Bottom halves may be implemented using softirqs, tasklets, or work queues.

Synchronization

Locks are implemented using atomic test and set insturctions that are provided by the underlying architecture. Atomic operations using atomic_t. There’s a lot to talk about here. In the book, which is based on linux kernel 2.6, atomic_t is implemented as a volatile int inside a struct. The struct was chosen so that there would be no way to cast it into another valid form. The choice of volatile does not seem to have survived the test of time, with more recent variants moving away from it altogether. This document goes through the structure and behavior of the latest version of atomic_t, in addition, it also sheds light on why volatile should not be used. Most of these arise because of the reliance on volatile to enforce a memory barrier while it actually does not. This SO answer illustrates cases where volatile can be justifiably used to prevent the compiler from optimising away checks and conditions that rely on MMIO.

atomic_t provides atomic operations to manipulate integers and bits. This is useful in cases where the critical region does not perform any operation more complicated than that. Locks are used when the critical regions are more complex, where multiple operations need to be performed while still ensuring atomicity.

Spin lock are a form of locking provided by the kernel, where the thread busy waits (spins) until the lock is acquired. This might seem inefficient in comparison to scenarios where the threads are put to sleep if the lock is not available. In cases where the locks are held for a short duration of time (or in code paths where you cannot sleep), spinlocks are efficient as it foregoes the overhead of scheduling involved with sleeping the thread and waking it up. An interesting fact is that the locks compile away in uniprocessor machines to markers that disable and enable kernel pre-emption. Interrupt handlers can use spin-locks, provided local interrupts to the current processor are disabled (this ensures that we do not get stuck with a double acquire deadlock). Lock data not code. Reader/writer variant of the spin lock is also provided by the kernel. A RW spin lock always favors readers. A sufficient number of readers could cause the starvation of the writer!

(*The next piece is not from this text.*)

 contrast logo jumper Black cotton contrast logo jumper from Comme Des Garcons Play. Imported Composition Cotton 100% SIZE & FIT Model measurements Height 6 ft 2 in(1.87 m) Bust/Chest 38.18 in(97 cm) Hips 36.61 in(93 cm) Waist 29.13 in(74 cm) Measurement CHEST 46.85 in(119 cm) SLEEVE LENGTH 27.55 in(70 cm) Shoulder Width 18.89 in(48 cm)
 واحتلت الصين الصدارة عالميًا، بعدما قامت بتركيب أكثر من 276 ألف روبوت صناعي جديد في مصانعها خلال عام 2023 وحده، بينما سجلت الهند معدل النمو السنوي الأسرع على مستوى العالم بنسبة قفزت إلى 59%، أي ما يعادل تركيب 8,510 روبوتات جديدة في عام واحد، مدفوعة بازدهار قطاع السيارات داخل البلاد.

Semaphores in linux are sleeping locks. Can only be used in process context since it is not possible to sleep in an interrupt context (as they won’t be rescheduled). Variants : binary semaphores (mutex) and counting semaphores. In addition, there’s a rwsemaphore and a mutex(as a separate struct with a simpler interface).

There’s another curious thing called the completion variable provided by the kernel. This is useful is scenarios where one process is waiting for a singal from the other indicating completion. A semaphore can be used here, but completion variable provides a simpler interface.

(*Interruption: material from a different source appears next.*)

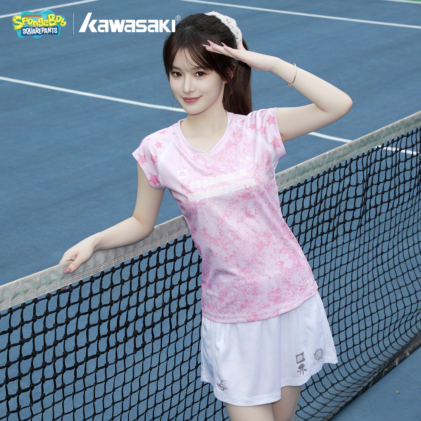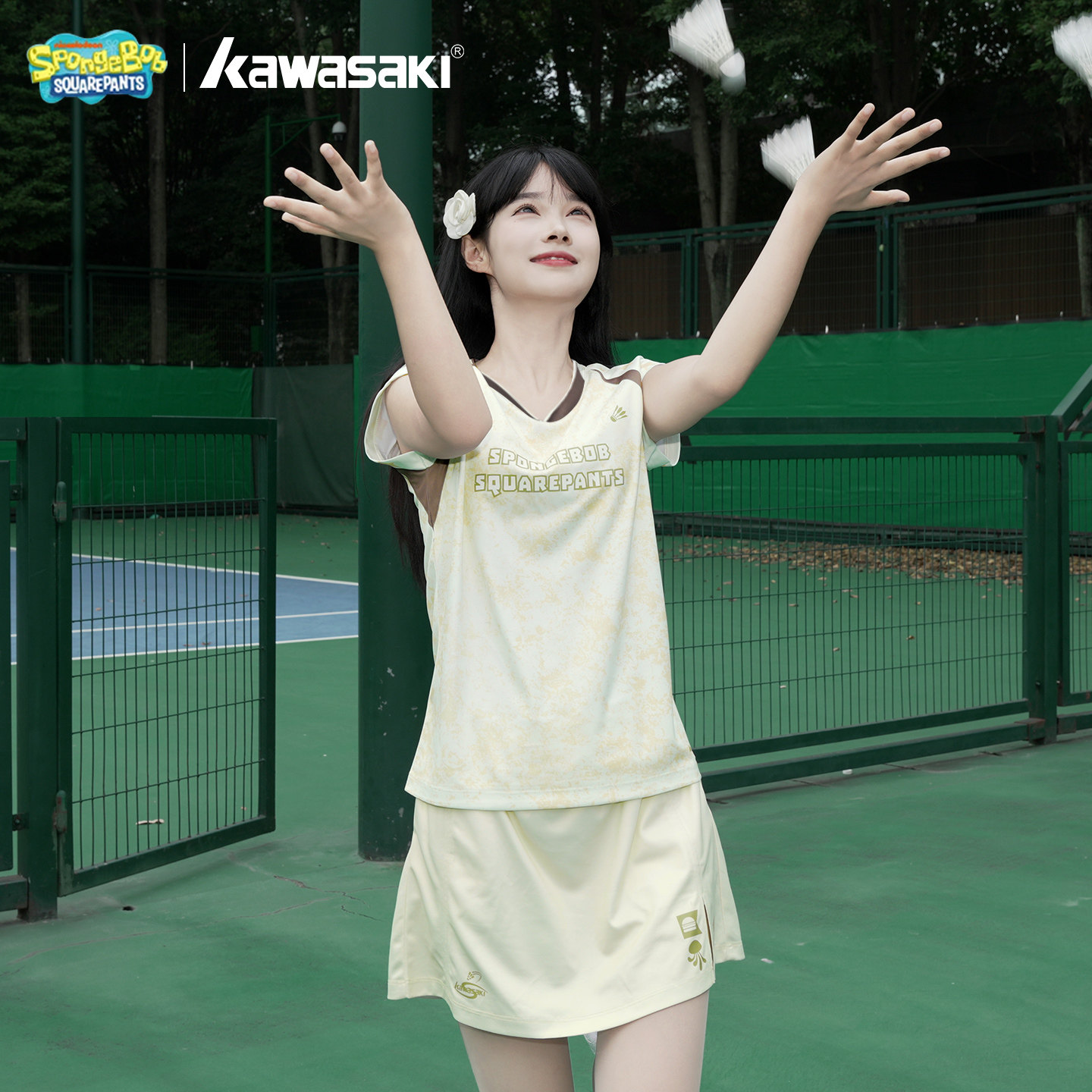 川崎羽毛球服女速干海绵宝宝联名运动短袖短裙套装飞天网球服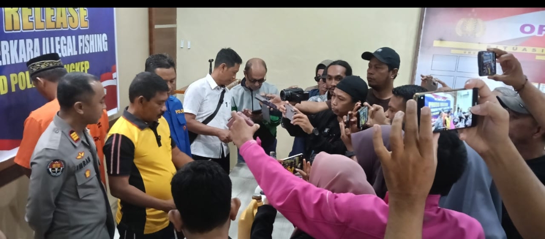 PANGKEP, RRN – Press release pengungkapan perkara ilegal fishing Sat Polairud Polres Pangkajene dan Kepulauan berlangsung di Aula Polres Pangkep pada Selasa 17 Juni 2025.

In addition to all of this there’s the Big Kernel Lock (BKL) that was added to ease the SMP transition. It’s a recursive, global spin lock that can be used in the process context. It’s interesting to note how different projects got started with coarse grained locking, and later moved to fine grained locking as the project matured and the need for concurrency grew. I wonder when Python will tide over the Global Interpreter Lock(GIL).

Just when you thought you couldn’t need another locking mechanism, the kernel throws seqlocks in your face. This is sort of like the RW locks seen earlier, with the difference being that writers are preferred over readers. Each locked data is associated with a sequence counter (which is the thing that’s protected by the lock). During a write, the counter is incremented. A read operation checks the sequence counter prior to and after the read. A read succeeds(as in, a write did not happen in between), if the values match. Thus, writers are never blocked, and dirty reads would just cause the reader to retry the read until the counter conditions are satisfied.

Ordering & Barriers

The processor and compiler might reorder memory accesses (reads and write) in code for a variety of reasons which might break some implicit assumptions that the code relies on. Barriers can be used to enforce the ordering and to indicate to the compiler / processor to maintain the order of operations. mb()/rmb()/wmb() provide memory barrier / read memory barrier / write memory barrier which ensure that rw / reads / writes are not reordered across them i.e all corresponding ops before the barrier are guaranteed to complete before the ops after it.

Memory Management

Pages are treated as the smallest unit of memory management. Memory is divided in multiple zone, each zone with a particular characteristic (DMA, normal, high memory etc). Allocations will never cross zone boundaries. Pages returned to user-space are zeroed out to ensure security. kmalloc allocates memory that is physically contiguous while vmalloc allocates memory that is contiguous in the virtual address space.

File Managements

VFS abstraction layers allows userland programs to be agnostic of the underlying fs. Main components: superblock, inode, dentry, file.

Block Devices

Sectors, blocks, buffers, and buffer heads. The IO scheduler mergers and sorts requests on the block device to maximize “global” throughput. Anticipatory, deadline, completely fair queuing, and noop variant.

TODO

Interesting but not interesting enough for now